Open skewballfox opened 2 days ago
Thanks for asking! I mostly agree. There was even talk in the original ndarray
reference type RFC of moving to a trait-based design. However, to go beyond ndarray
would probably have to come from a larger consortium or committee, probably including the nalgebra
and faer
authors, at least. However, I don't think ndarray
is in shape yet to contribute to this kind of work.
I do think the question of types vs traits for unifying arrays is interesting. I have played around with the idea of creating an underlying type that could serve multiple libraries, and I think it could be done. Whether it should be, I'm not sure.
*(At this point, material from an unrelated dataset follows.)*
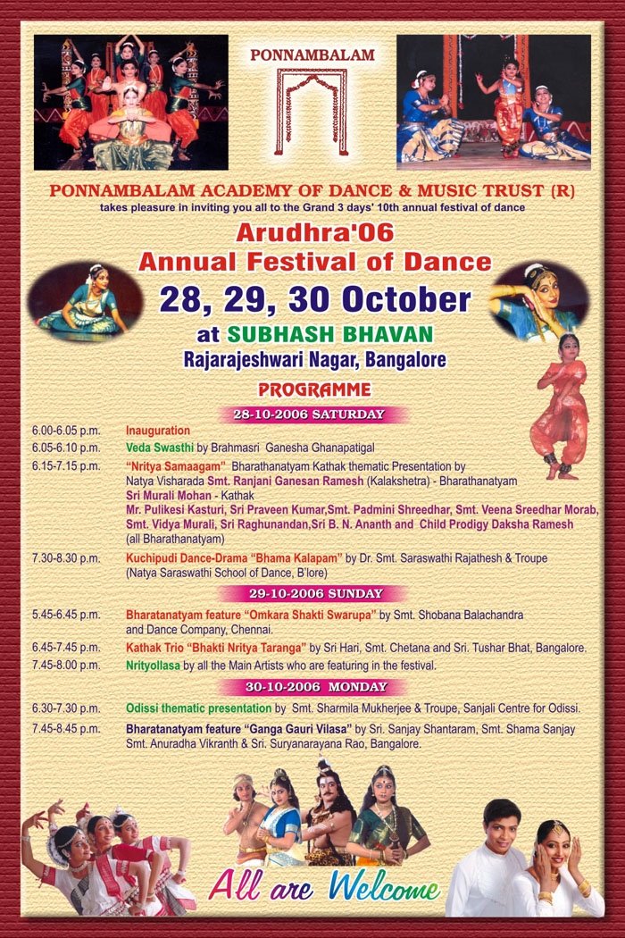 - Anuradha, Sanjay, Shama and Surya e-mail: dancetrioblr@yahoo.co.in November 5, 2006 We are proud to be artists of Bangalore, which provides its people with well defined art and culture and receives every individual's interest with a warm welcome. Life for any one is peaceful in Bangalore. We, as well established performing artists of Bangalore vouch for a cordial relationship between every artist here. But as they say, every peaceful life confront hurdles at some point of time, we too experienced it. We, the artists would like to share one such bitter experience with all the readers of Narthaki. Popular dance group of Bangalore consisting of well established performing artists Anuradha Vikranth, Sanjay Shantaram and Shama Sanjay who are the key artists of the group, were invited to perform at the Arudra Dance Festival organized by Ponnambalam Dance Academy. As requested by the organizer, we were to stage 'Ganga Gowri Vilasa,' a dance production which involved many artists. The venue was Subhash Bhavan, which is located amidst residential layout in a distant corner of Bangalore. The slot given to us was 7.45pm (email Invite). Considering the Bangalore traffic and the distance of the venue, one group of artists arrived at 7.15pm, who were all dressed for the show except one artist Sanjay Shantaram who had to wear a Shiva mudi, which he had to do only after he reached the venue. Anuradha Vikranth and other set of the artists arrived at 7.35pm, while the previous dancer Sharmila Mukherjee was still on stage performing. Since it was a very small auditorium and green room had no separate entry we had to wait outside the auditorium as the previous performance was still going on. Instead of greeting the artists who have come there with a sole intention to perform without any benefits, one of the oraganiser (Malavika Avinash) passes sarcastic comments and abuses the dancers for not having come two hours early. Uses all bad language and insulted all the artists, who was further joined by her father Mr. Ganesan, and dancer sister, Ranjani Ganesan. It was truly hurting as an artist and as an individual and all the artists decided to walk out without performing. As a responsibility towards the audience, we had to apologise for not being able to perform. These organisers who try to gain publicity by organising such a dance festival think they are beyond art and artists which will surely not take them far if they do not respect Art. We have no regrets for having done this and are proud not to have let down our Art. Maybe the dancer and the organisation have not got enough publicity for their festival and hence are using this as means of publicity. A similar incident took place in the month of February. The same organisation had conducted "Damaru Mahotsava" for Shivaratri. Shama Sanjay and Sanjay Shantaram were asked to perform at 12.30am. When they reached the venue with great difficulty, all that they found was the closed door of the auditorium. The organizers had left the venue without even informing the artists when they very well knew that the artists were heading towards the venue for the performance. They had even switched of their cell phones. In spite of this incident these dancers agreed to perform only on the request of their other group member. We just had to share this experience with all artists who could be cautious about performing for such organisations which does not value Art or the Artist. For sheer publicity... We have observed that the organizers of the Arudhra Festival are trying to gain publicity by first creating a scene at the auditorium, secondly instead of sorting out the differences between them and the group which did not perform, they go public by sending e-mails, sms's and now even online. RESPONSE TO THE MAIL SENT BY SAVITHRI GANESAN (Trustee, Ponnambalam Dance Academy) "We would like to also bring to your notice about misbehavior on the part of a budding dancer..." The organisers had been co-coordinating only with this dancer for the performance at their festival and not even extended a courtesy invitation to the other well known artists of the group. The dancer, who has been referred to as the budding dancer, is a well established performing artist of Bangalore and it is surprising the organisers are not aware of this. "who walked out of the festival without regretting the fact that she turned up for a 7.30 show (TO commence) at 8.00pm..." It is shocking that the organiser themselves do not remember the time slot allotted to this group. The time allotted was 7.45 and not 7.30. (Email of the invitation attached for the reference). Sharmila Mukherjee who finished her performance around 7.50pm, was still performing her third piece, when the group members were present at the venue completely ready with their costumes and makeup. The dancers were on time for their performance. "...while some of her troupe members entered the auditorium at 7.15 sans makeup..." All the dancers were ready with makeup and costume except one of the key artist who was playing the character of Shiva had to put on the Shiva mudi (headgear). I am sure you will all agree that one cannot sit and drive for an hour wearing the mudi. "We had to reschedule even the first concert of the evening since these artists had not come." Did the organisers forecast that the dancers to perform for the second concert would come in late? Or are the organisers trying here to cover up the inconvenience caused to the audience for keeping them waiting as they had started the day's concert at 7pm instead of 6:30pm? (just a query) "Having put the organisers and the audience to an inconvenient situation by coming late..." Audience was still enjoying the Odissi performance by Sharmila and her troupe when the artists had arrived, so where is the question of putting anyone in inconvenient situation? "Even as another senior artist who was to perform with this budding dancer was keen to perform, was left helpless..." I would li

I apologize if this is misguided. Something that might be useful is to have a crate that functions as an ndimensional equivalent to
num_traits
completely divorced from assumptions about the implementation in ndarray.My rationale is a lot of scientific computing libraries (in rust and elsewhere) seem to be one-off herculean efforts that then just continue to be used so long as the library is usable with the other libraries the end developer is using, and there are only so many ways to represent an ndimensional data structure in terms of actual data layout. The Nd traits could be generic enough to account for each of representations. If they are implemented for other nd/tensor types (for example candle's cpu tensors or rapl's Ndarr), either directly or with a wrapper type, then they provide a better target for authors of single purpose libraries (such as an ND fft, or a perlin noise generator): They can write something that uses the traits that ensure the implementor has the properties/functions they need, use one of the implementors for testing (such as ndarray), and then barely touch it afterwards.